(Supplied information)

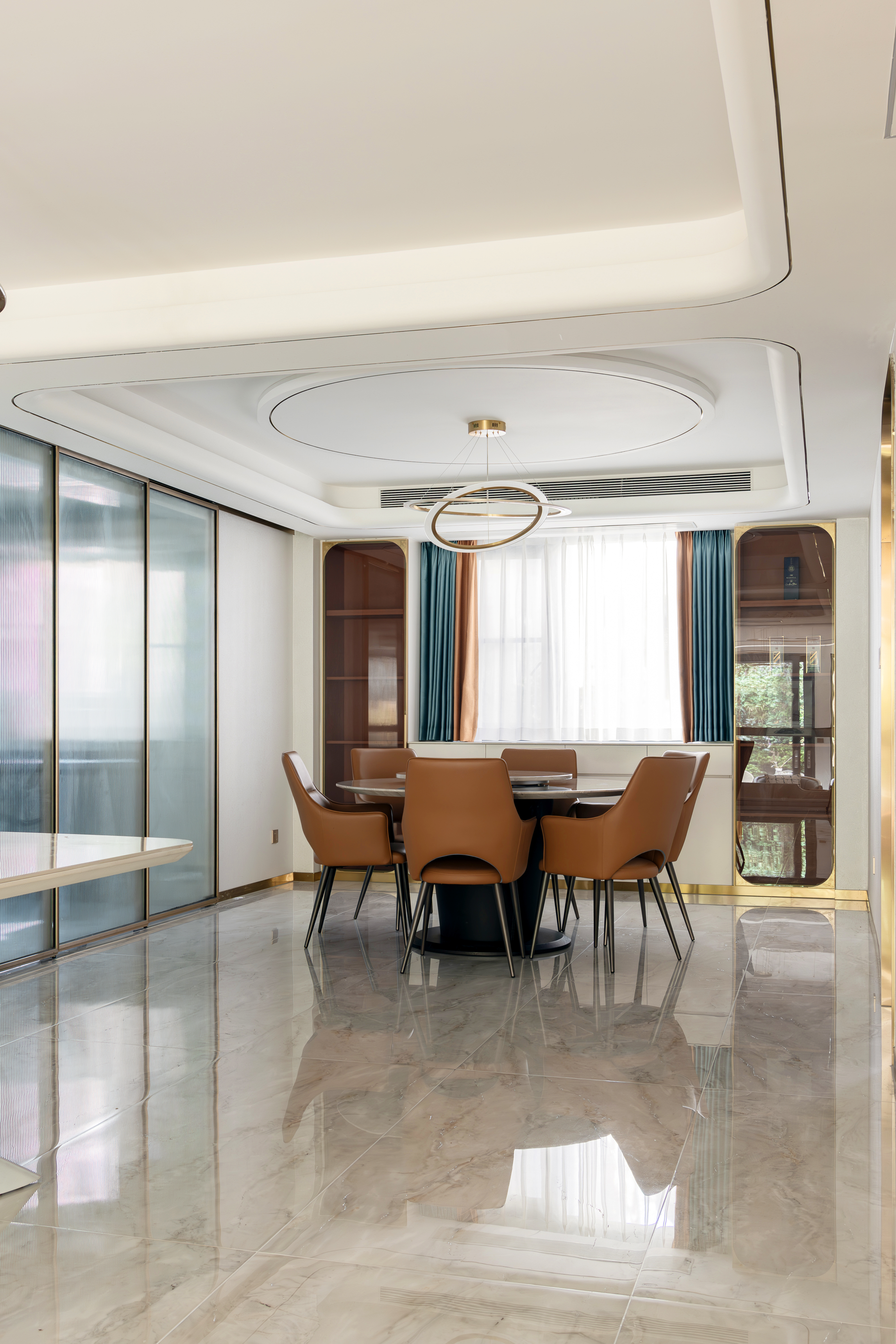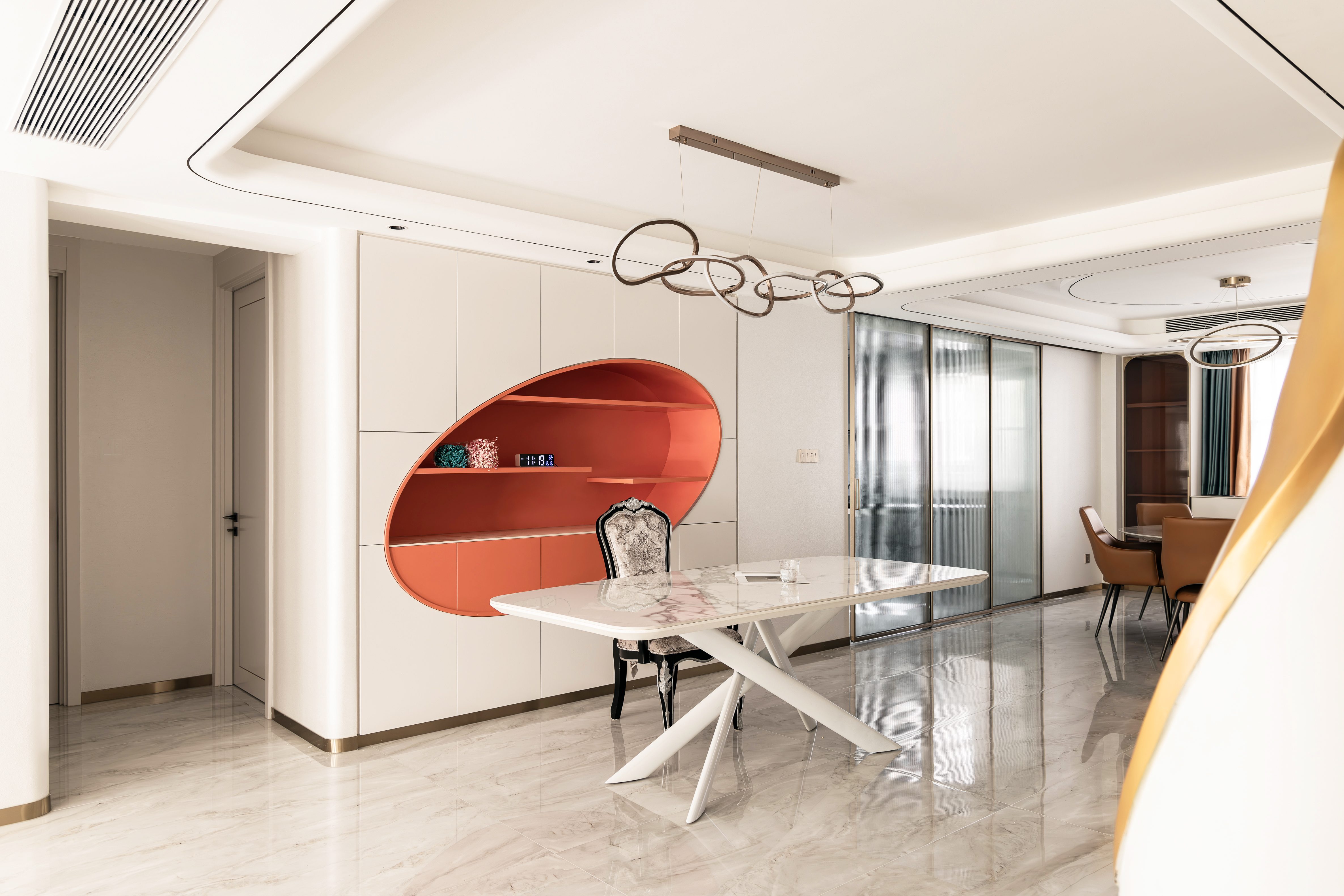 空间布局:利用公共过厅改入户门反向解决入门即餐厅,把原餐厅改到入户旁边和客厅一起联动,让整个空间会更加的宽敞
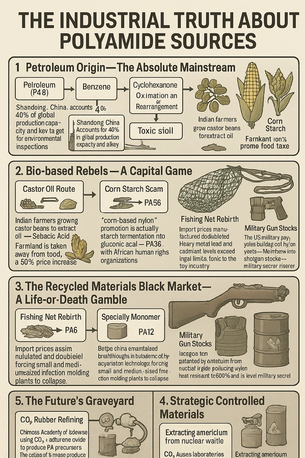 عملية احتيال نشا الذرة: إن الترويج لـ "النايلون المعتمد على الذرة" هو في الواقع تخمير النشا → حمض الجلوكونيك → PA56، بنسبة استهلاك حبوب 1:5، وهو ما قاطعته منظمات حقوق الإنسان الأفريقية.
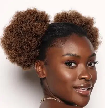 A timeless and fun style for any occasion. Simply gather the hair into two high ponytails and secure it with elastics. Fluff up the hair for a classic afro puff look.

(End Supplied information)

- [How to complete this task] Copy everything in the listing above exactly except the pictures.

- [Answer for the task]
 空间布局:利用公共过厅改入户门反向解决入门即餐厅,把原餐厅改到入户旁边和客厅一起联动,让整个空间会更加的宽敞
 عملية احتيال نشا الذرة: إن الترويج لـ "النايلون المعتمد على الذرة" هو في الواقع تخمير النشا → حمض الجلوكونيك → PA56، بنسبة استهلاك حبوب 1:5، وهو ما قاطعته منظمات حقوق الإنسان الأفريقية.
 A timeless and fun style for any occasion. Simply gather the hair into two high ponytails and secure it with elastics. Fluff up the hair for a classic afro puff look.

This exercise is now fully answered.